Tissue Preparation for Immunohistochemistry

The procedure for tissue preparation for immunohistochemistry has been described previously [20]. Briefly, the pups were weighed in the morning of postnatal day 10, anesthetized, and perfused by PBS, followed by 4% paraformaldehyde fixation. The brains were removed and stored in fixative at 4 °C for 24 h followed by 30 % sucrose solution at 4 °C for 24 h for cryoprotection. The cryoprotected brains were exhaustively cut on a freezing microtome into sagittal sections at a nominal thickness of 40 µm. The serial sections were immediately placed into a cryoprotectant anti-freezing solution in consecutive order and stored at −20 °C for further processing.
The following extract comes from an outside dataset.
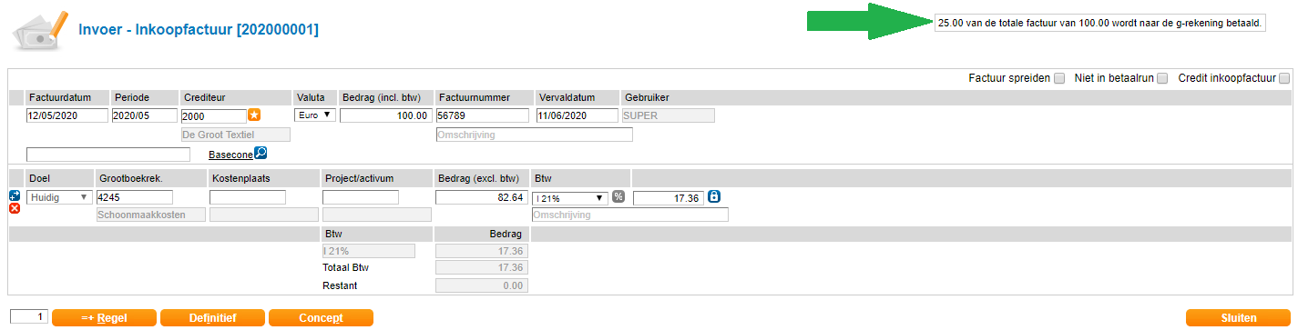 Voer de inkoopboeking die gedeeltelijk aan een g-rekening betaald moet worden in op de gebruikelijke manier. Twinfield gaat na welke instellingen er op de crediteurenkaart zijn gemaakt en berekent op basis van het ingestelde percentage welk bedrag moet worden overgemaakt naar de g-rekening.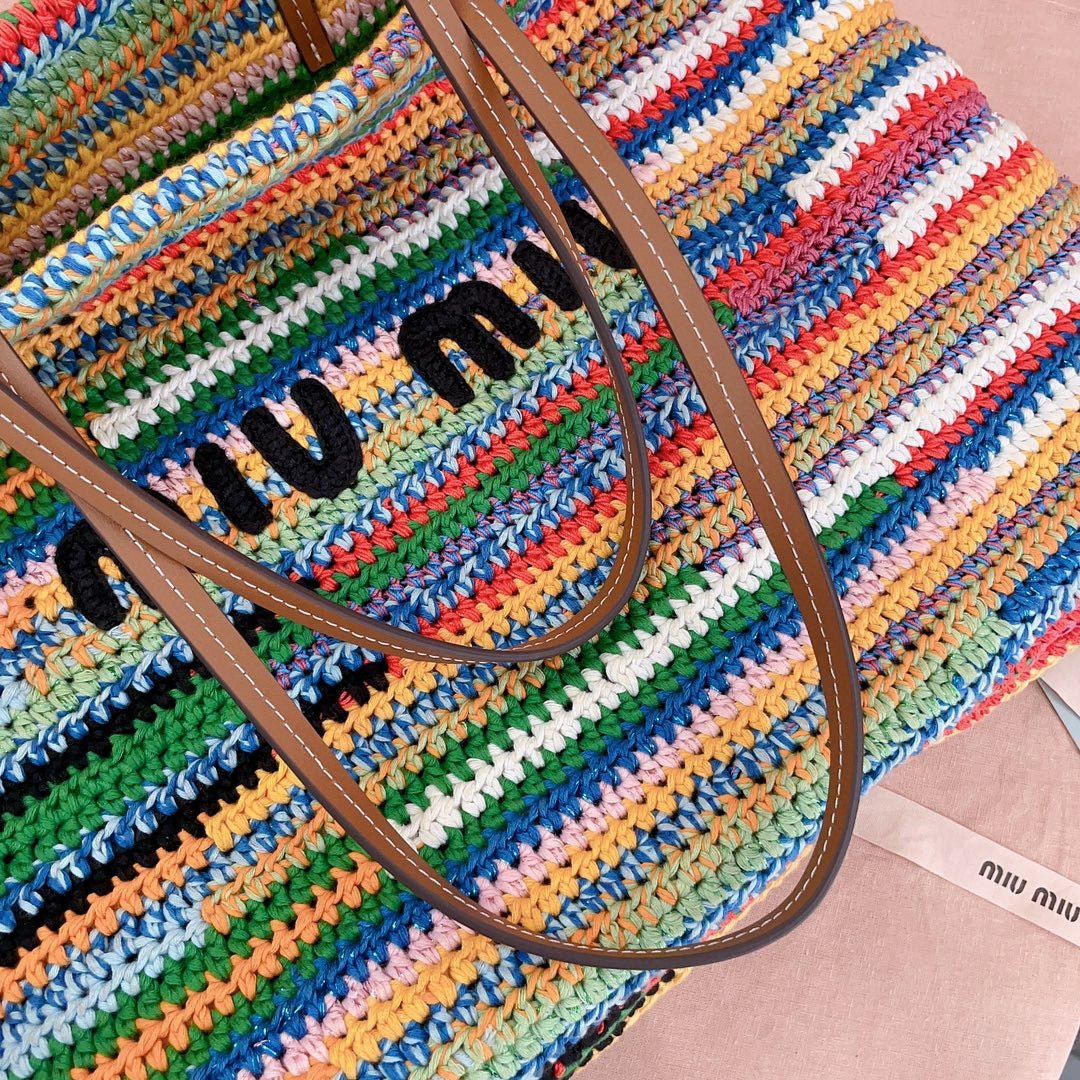 Miumiu Multicolored Crochet Tote Bag 40cm

Immunohistochemical Procedures

Mouse brain sections were processed as previously described [13, 20]. Antibodies for neuron-specific markers, anti-NeuN (1:4000) for granule neurons, and anti-Calbindin-D-28K (1: 4000) for Purkinje cells were used followed by biotinylated goat anti-mouse secondary IgG (1:1000). The tissue sections were then treated with an avidin-biotinylated-peroxidase kit (ABC Elite kit, Vector Laboratories, Burlingame, CA). The specificity of each antibody on the brain sections was confirmed by the absence of staining in the control experiments which lacked either primary or secondary antibodies. The immunostained sections were mounted onto gelatin-coated glass slides, examined with light microscopy, and their images were digitized by a slide scanner (LS-2000, Nikon Inc., Melville, NY).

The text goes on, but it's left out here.